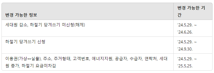 ✅(미신청) 신청 해제를 원하는 경우, 24년 6월 26일(하절기 바우처 사용기간 전)까지 변경 신청
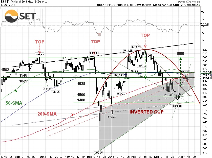 The Thailand SET opened with a 0.6% gap up and moved higher to close at 1,549.53 on Tuesday in response to the weak U.S. payrolls report, which said on Friday that employers added just 126,000 workers in March with the unemployment rate holding steady at 5.5%. It was a huge miss as economists expected non-farm payrolls to rise 245,000. The trading was sluggish as the Thailand SET traded sideways after the Tuesday surge, to close at 1,547.83 on Friday, up 0.77% for the week.
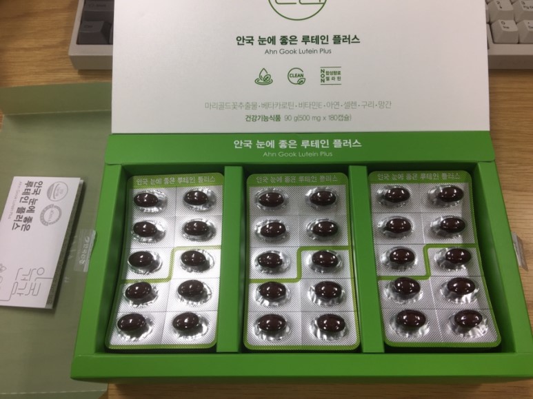 안국 루테인 플러스는 다양한 연구로 증명된 눈에 좋다는 성분들을 모아서 만든 눈 영양 보충제로 잘 알려져 있습니다. 컴퓨터 게임을 개발하는 만큼 장시간 눈을 사용하는 관계로 특별히 신경써서 챙겨먹고 있습니다. 특별히... 신경쓴다곤 했지만 사실 이걸 먹는 것 말곤 신경을 잘 안쓰는 것 같아 잠시 반성.
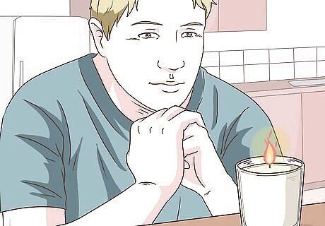 Light a candle or sit by the fireplace. One of the oldest ways of relaxing in the evening is to sit around a campfire. Try sitting by the wood stove, fireplace or a nice candle. You can just watch the movement of the flame and let your mind wander until you feel ready to go to sleep. Remember to blow out the candle before falling asleep.
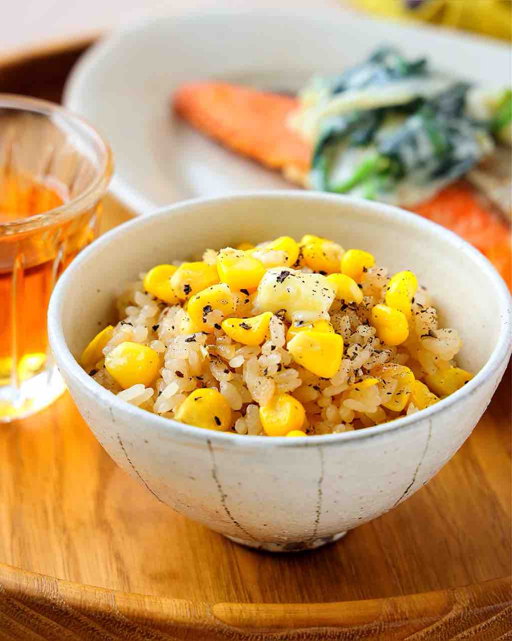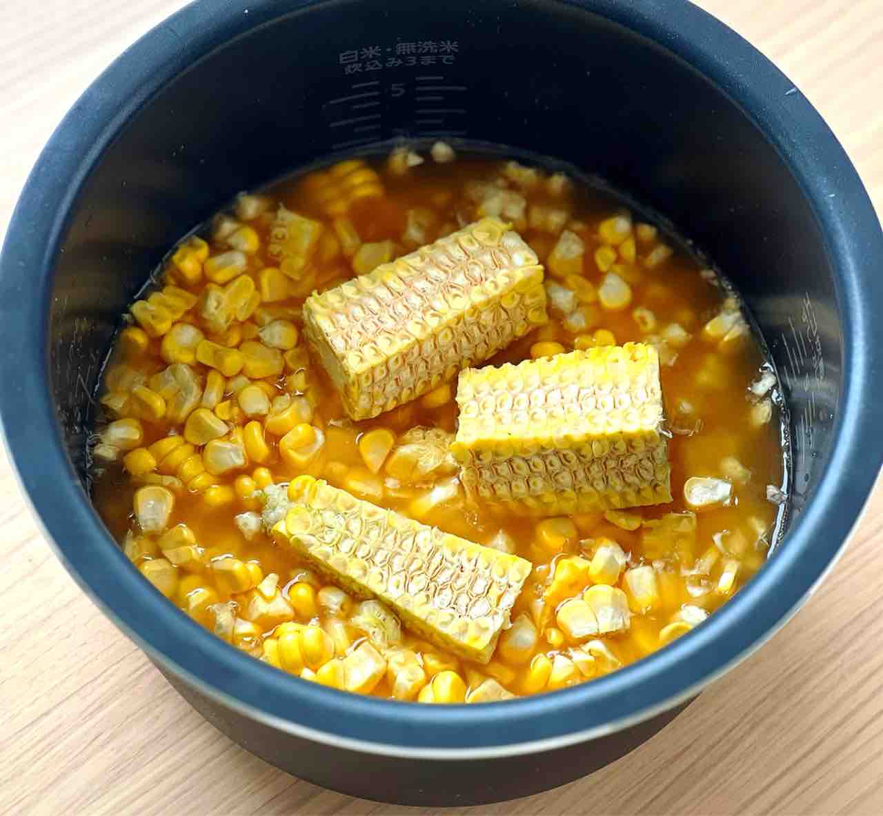♦︎とうもろこしの芯も一緒に炊き込むことで、香りや風味、甘みもアップします♩
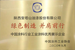 2020年9月,寶塔山漆獲評(píng)“中國(guó)涂料行業(yè)工業(yè)涂料優(yōu)秀展示企業(yè)”
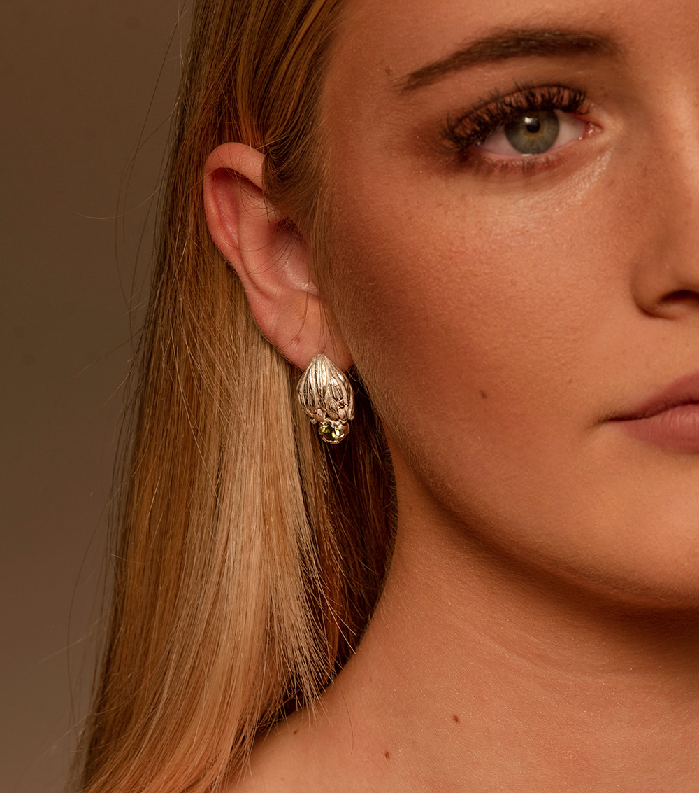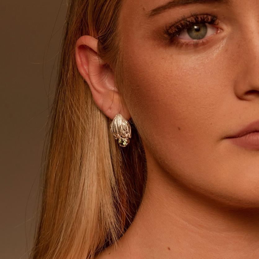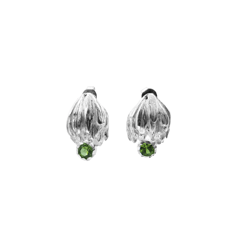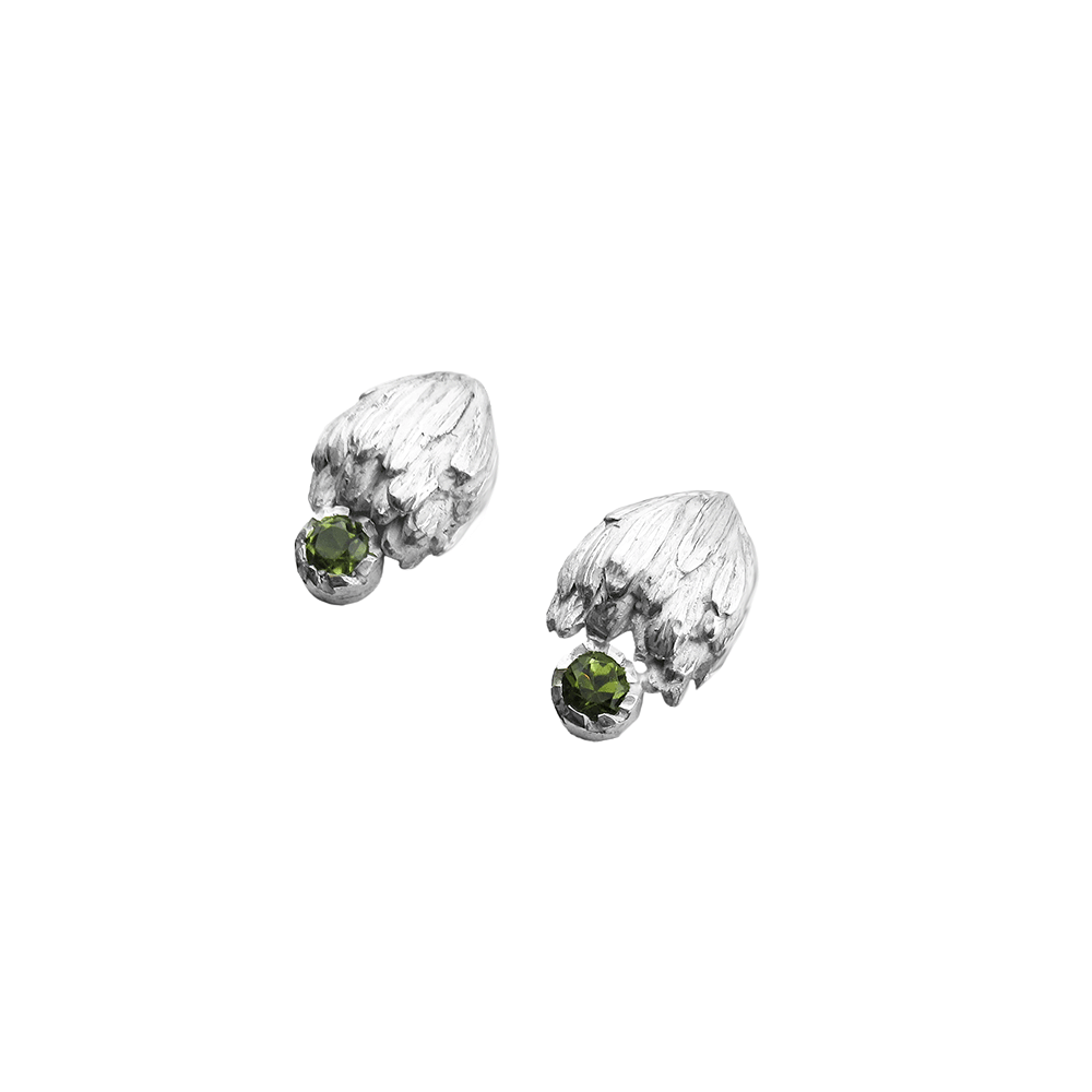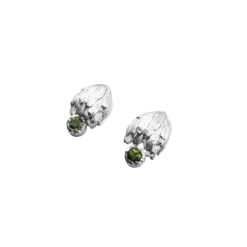 Ljubki srebrni uhani v obliki cvetov artičoke z bleščečim zelenim turmalinom.
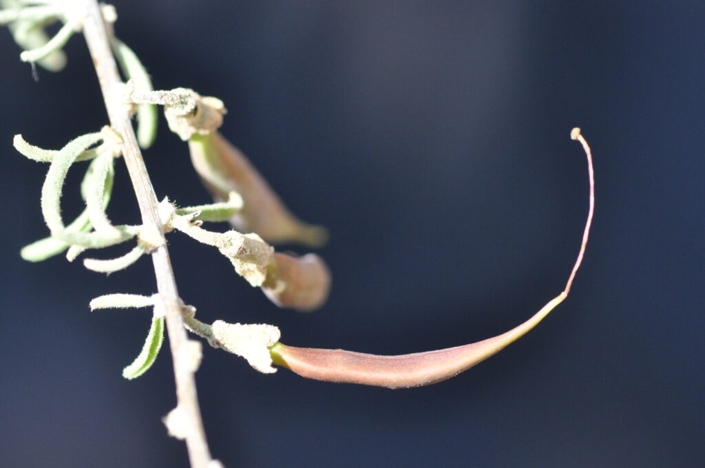The young fruit Apex ends in a sharply pointed tip arising from the long style (photo 105).  In this photo the remains of the stigma are still present.  The smooth, light green to pale brown flattened and thin-walled pod-like Fruit is a compressed beaked Capsule (a dry fruit resulting from the maturing of a compound ovary that usually opens at maturity by one or more lines of dehiscence – photo 99R).  Here the mature dehiscent capsules are up to 7 x 1,5 cm.  In order to release seeds, the mature capsule splits perpendicularly down the centre (photo 105) into two valves that become loose.  In this photo (and photo 104) the persistent calyx is visible at the Base.  As the fruit matures the remains of the style falls and the fruit expands with its developing Seeds (photo 104).  The light brown paper winged seeds are about 2 x 2cm – including the paper wings.  Old brown empty capsules may remain on the plant for months.  (Dec-May).
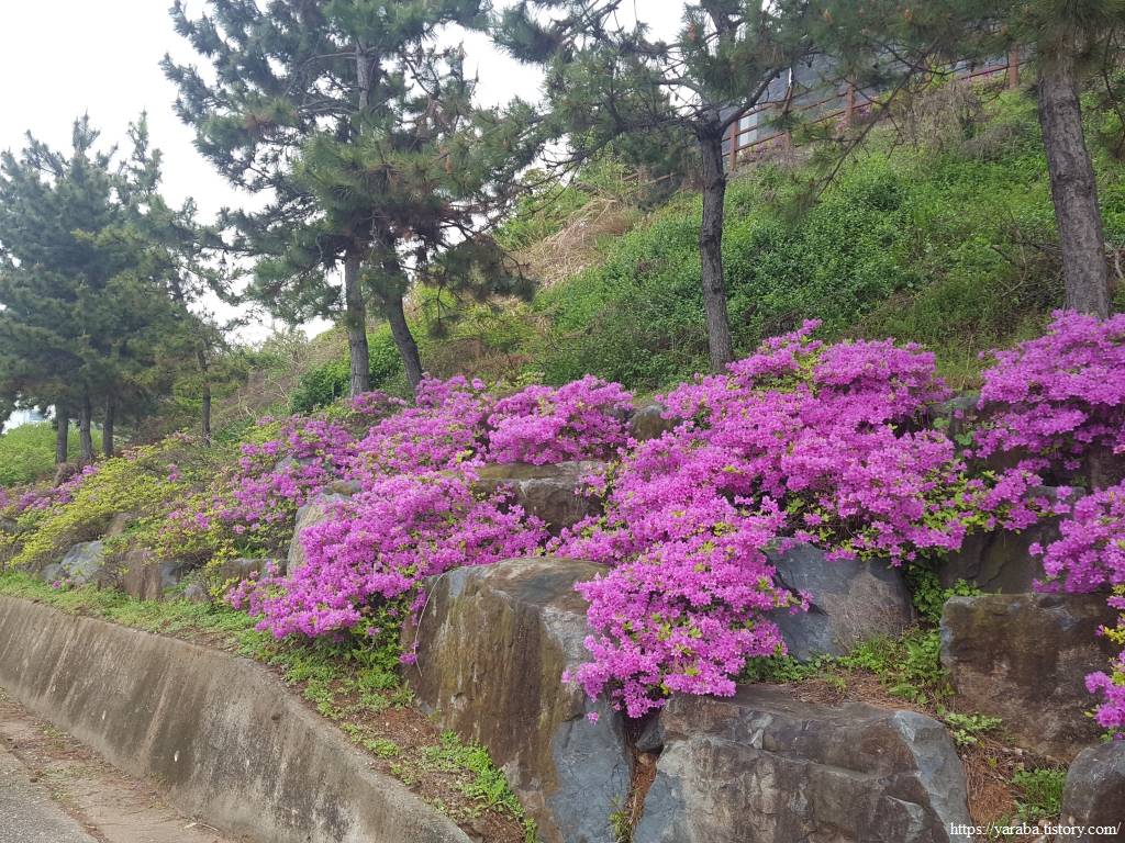 해안 산책로는 더 이상 해안으로 이어지지 않고 철쭉이 화사하게 피어있는 호텔 입구 쪽으로 방향을 잡는다.
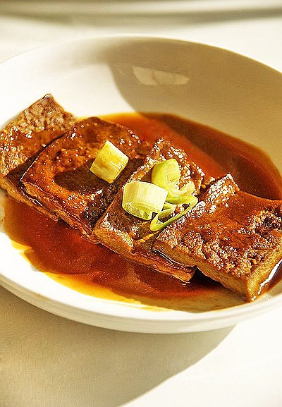 做法:豆腐切厚片,在平底锅中用油煎至两面金黄。另取一锅,加水、素蚝油、老抽、糖煮开,放入煎好的豆腐小火炖煮一会即可。

#### To do:
The reply is to be all the records above, transcribed exactly, with no pictures.

#### Exercise result:
 ✅(미신청) 신청 해제를 원하는 경우, 24년 6월 26일(하절기 바우처 사용기간 전)까지 변경 신청
 The Thailand SET opened with a 0.6% gap up and moved higher to close at 1,549.53 on Tuesday in response to the weak U.S. payrolls report, which said on Friday that employers added just 126,000 workers in March with the unemployment rate holding steady at 5.5%. It was a huge miss as economists expected non-farm payrolls to rise 245,000. The trading was sluggish as the Thailand SET traded sideways after the Tuesday surge, to close at 1,547.83 on Friday, up 0.77% for the week.
 안국 루테인 플러스는 다양한 연구로 증명된 눈에 좋다는 성분들을 모아서 만든 눈 영양 보충제로 잘 알려져 있습니다. 컴퓨터 게임을 개발하는 만큼 장시간 눈을 사용하는 관계로 특별히 신경써서 챙겨먹고 있습니다. 특별히... 신경쓴다곤 했지만 사실 이걸 먹는 것 말곤 신경을 잘 안쓰는 것 같아 잠시 반성.
 Light a candle or sit by the fireplace. One of the oldest ways of relaxing in the evening is to sit around a campfire. Try sitting by the wood stove, fireplace or a nice candle. You can just watch the movement of the flame and let your mind wander until you feel ready to go to sleep. Remember to blow out the candle before falling asleep.
♦︎とうもろこしの芯も一緒に炊き込むことで、香りや風味、甘みもアップします♩
 2020年9月,寶塔山漆獲評(píng)“中國(guó)涂料行業(yè)工業(yè)涂料優(yōu)秀展示企業(yè)”
 Ljubki srebrni uhani v obliki cvetov artičoke z bleščečim zelenim turmalinom.
The young fruit Apex ends in a sharply pointed tip arising from the long style (photo 105).  In this photo the remains of the stigma are still present.  The smooth, light green to pale brown flattened and thin-walled pod-like Fruit is a compressed beaked Capsule (a dry fruit resulting from the maturing of a compound ovary that usually opens at maturity by one or more lines of dehiscence – photo 99R).  Here the mature dehiscent capsules are up to 7 x 1,5 cm.  In order to release seeds, the mature capsule splits perpendicularly down the centre (photo 105) into two valves that become loose.  In this photo (and photo 104) the persistent calyx is visible at the Base.  As the fruit matures the remains of the style falls and the fruit expands with its developing Seeds (photo 104).  The light brown paper winged seeds are about 2 x 2cm – including the paper wings.  Old brown empty capsules may remain on the plant for months.  (Dec-May).
 해안 산책로는 더 이상 해안으로 이어지지 않고 철쭉이 화사하게 피어있는 호텔 입구 쪽으로 방향을 잡는다.
 做法:豆腐切厚片,在平底锅中用油煎至两面金黄。另取一锅,加水、素蚝油、老抽、糖煮开,放入煎好的豆腐小火炖煮一会即可。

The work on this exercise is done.